3) For each position in the BFS queue:
    a) Attempt to move in all four directions.
    b) If you stop at the exit, return `True`.
    c) Otherwise, enqueue the new position and continue BFS.
4) If BFS completes without finding the exit, return `False`.

⚠️ Common Mistakes

  • Forgetting to mark cells as visited after stopping.
  • Not handling the case where the start and exit are the same.

4: I-mplement

Implement the code to solve the algorithm.

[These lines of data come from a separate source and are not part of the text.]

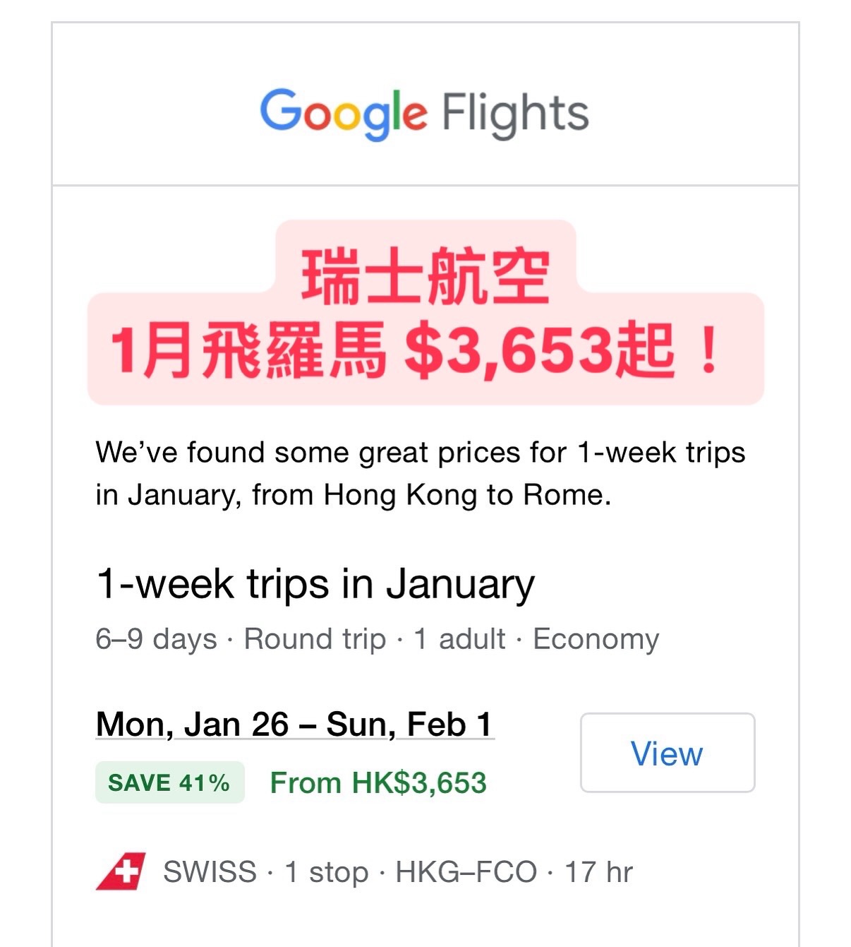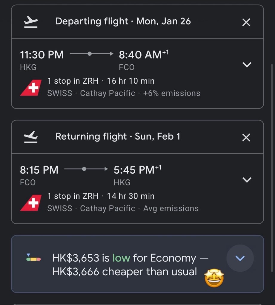 1月飛羅馬 $3,653起!瑞士航空,一次轉機,來回包稅。比平時平咗$3,600幾,適合想冬天遊歐洲的朋友。
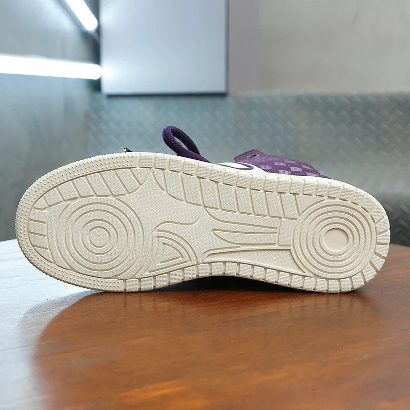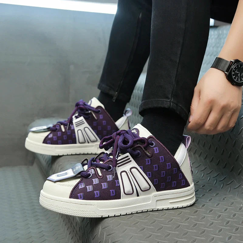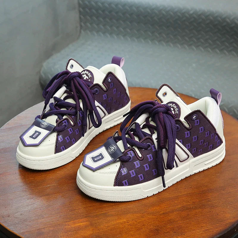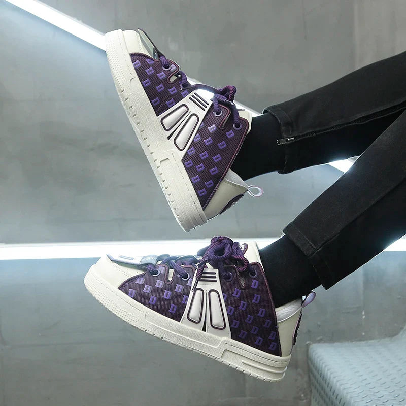 The Y2K Purple Pulse Sneakers bring retro-futuristic vibes with their bold purple accents and sleek design. making them the perfect addition to any nostalgic yet modern streetwear look.
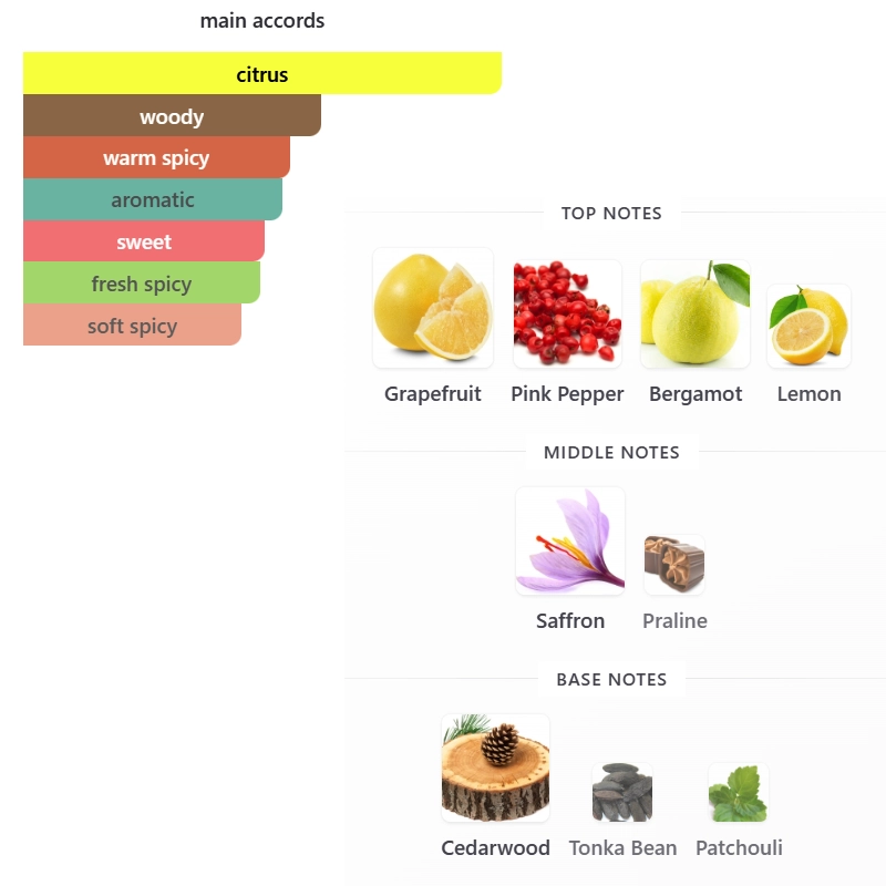 Middle notes are Saffron and Praline;
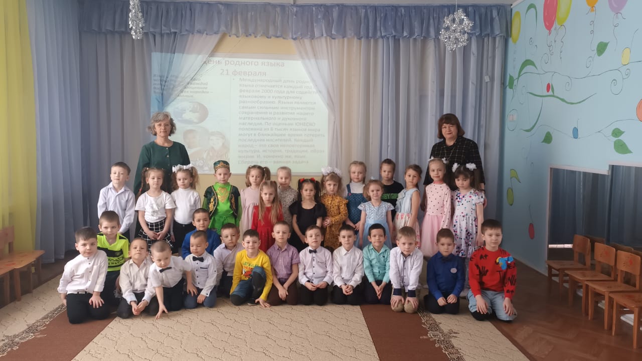 " День родного языка ". На протяжении всего мероприятия дети и педагоги показывали знания татарской и русской литературы, читали стихи пели песни, инсценировали произведения татарских писателей. Дети с чувством гордости рассказывали о своём народе, о своём родном языке. Педагоги направляли детей к пониманию толерантности по отношению к представителям других национальностей, к другой культуре, поэзии, музыки.
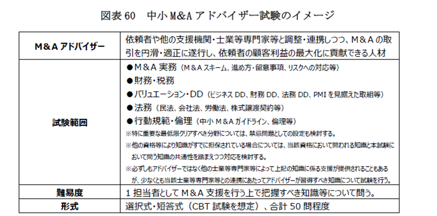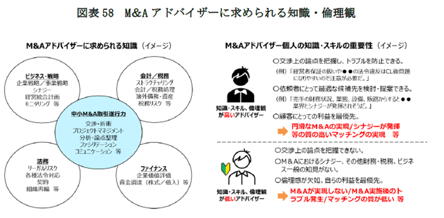 中小M&A市場改革プランは、「新規参入のM&A支援機関が多く、知識・能力の向上が課題」と指摘し、アドバイザー個人レベルでの質の担保・向上を図っていく必要性を明記しています。
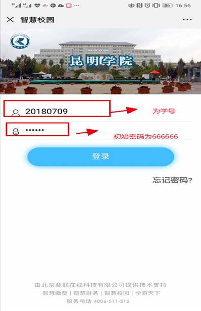 第三步:输入学号和密码(初始密码666666)进行登录,初次登录必须修改密码-->输入手机号-->获取短信验证码-->设置新密码(修改后的密码请务必牢记,将用于今后年度缴费操作)。
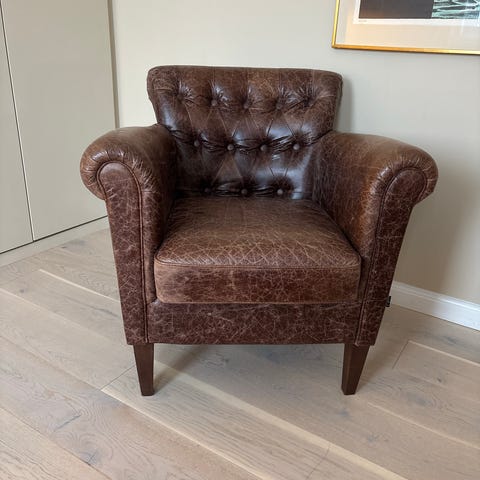 Skinnfåtölj i Chesterfield -stil
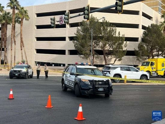 1月1日,在美國(guó)內(nèi)華達(dá)州拉斯維加斯,警方封鎖發(fā)生電動(dòng)汽車(chē)爆炸事件的特朗普酒店門(mén)前區(qū)域。新華社記者 譚晶晶 攝
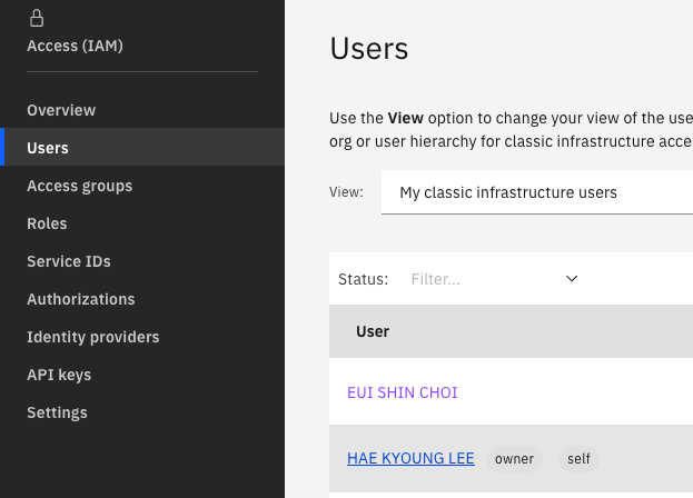 - [Users]메뉴를 선택하고, 본인 이름을 클릭합니다.
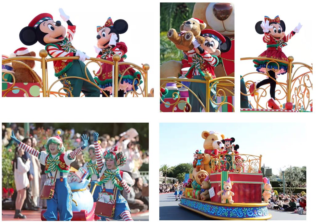 パレードには、ミッキーマウスやミニーマウスをはじめとするディズニーの仲間たちが登場。クリスマスの飾りをまとったテディベアやくるみ割り人形の音楽隊など、にぎやかなキャラクターたちが盛り上げる。子供たちの願いがかない、パークが笑顔で満ちたとき、サンタクロースと仲間たちは喜び合い、心温まるマジカルなクリスマスがクライマックスを迎える。
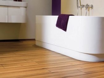 الغرف ذات البيئات الرطبة الشديدة ، مثل الحمامات ، والاستحمام ، وحمامات السباحة ، معرضة لتورم أغطية الأرضيات. نتيجة لذلك ، يحدث تكوين العفن وظهور العفن برائحة كريهة. لاستبعاد مثل هذه العواقب ، من الضروري التعامل بشكل صحيح مع اختيار المواد..

from collections import deque

# Helper function to calculate the next stop in the given direction
def next_position(dungeon, row, col, direction):
    moves = {
        'up': (-1, 0),
        'down': (1, 0),
        'left': (0, -1),
        'right': (0, 1)
    }
    
    dr, dc = moves[direction]
    while 0 <= row + dr < len(dungeon) and 0 <= col + dc < len(dungeon[0]) and dungeon[row + dr][col + dc] == 0:
        row += dr
        col += dc
    
    return row, col

# Main function to check if you can escape the dungeon
def can_escape_dungeon(dungeon, position, exit):
    rows, cols = len(dungeon), len(dungeon[0])
    start_row, start_col = position
    exit_row, exit_col = exit
    
    # If starting point is already the exit
    if (start_row, start_col) == (exit_row, exit_col):
        return True
    
    visited = set()
    queue = deque([(start_row, start_col)])  # Start BFS from the given position
    visited.add((start_row, start_col))
    
    directions = ['up', 'down', 'left', 'right']
    
    while queue:
        current_row, current_col = queue.popleft()
        
        for direction in directions:
            new_row, new_col = next_position(dungeon, current_row, current_col, direction)
            
            if (new_row, new_col) == (exit_row, exit_col):
                return True
            
            if (new_row, new_col) not in visited:
                visited.add((new_row, new_col))
                queue.append((new_row, new_col))
    
    return False

5: R-eview

Review the code by running specific example(s) and recording values (watchlist) of your code's variables along the way.

Example 1:

  • Input: dungeon = [ [0, 0, 1, 0, 0], [0, 0, 0, 0, 0], [0, 0, 0, 1, 0], [1, 1, 0, 1, 1], [0, 0, 0, 0, 0] ], position = (0, 4), exit = (4, 4)
  • Expected Output: True
  • Watchlist:
    • Ensure that BFS correctly explores all valid moves.
    • Verify that stopping positions are calculated correctly.

6: E-valuate

Evaluate the performance of your algorithm and state any strong/weak or future potential work.

Assume m is the number of rows and n is the number of columns in the grid.

  • Time Complexity: O(m * n) because each cell is visited once during BFS.
  • Space Complexity: O(m * n) due to the BFS queue and visited set.